Fargo turned to the rope around the left ankle. The Apaches hadn’t bothered to strip off the old man’s boots so he could cut without having to worry about hurting the old man.
“Yes, sir,” Pederson said. “Red Dog might think he got the better of me. But I’ll show him.”
“You should take it easy,” Fargo suggested.
“Why? Because I lost my eyes?
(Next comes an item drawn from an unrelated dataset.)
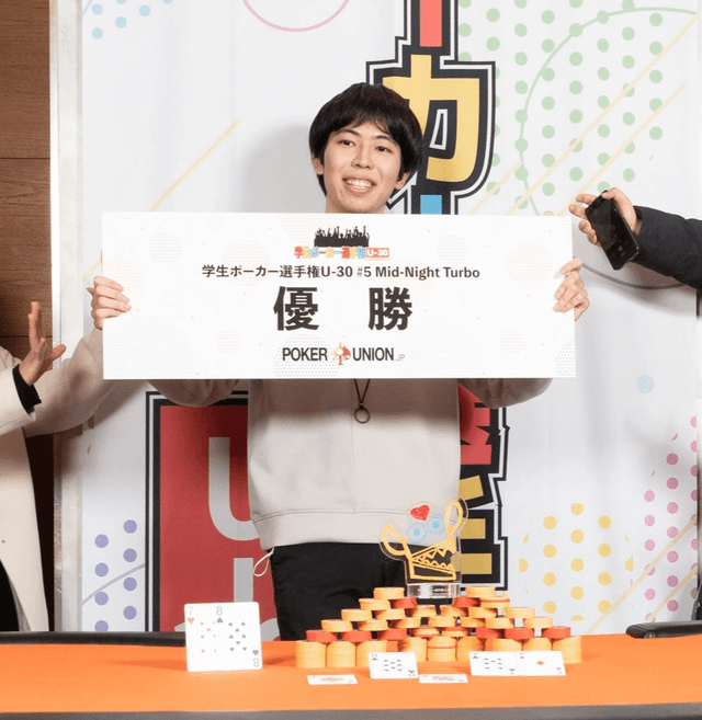ポーカーの実績としては、30歳未満のプレイヤーが出場可能なトーナメント「学生ポーカー選手権」で優勝したことがあります。

I ain’t goin’ to let a little thing like that stop me.”
Fargo almost said, “You can’t prospect blind.”
Again, as if he could read Fargo’s thoughts, the prospector said, “I’m not licked. I can have others be my eyes for me.”
“There aren’t many who will come into Apache country,” Fargo mentioned.
“It only takes a couple,” Pederson said, and chuckled as if at a private joke.
Fargo wondered if maybe the old man’s mind had been affected. It would explain how he was taking the loss so calmly.
“Yes, sir,” Pederson said. “I know just the pair to help me. I’m already cookin’ up a way to have the last laugh on Red Dog.”
The reminder made Fargo look up. He’d taken his eyes off the boulders.
Not twenty feet away a swarthy Apache had risen from behind a boulder and was drawing back a bow string with an arrow nocked to fly.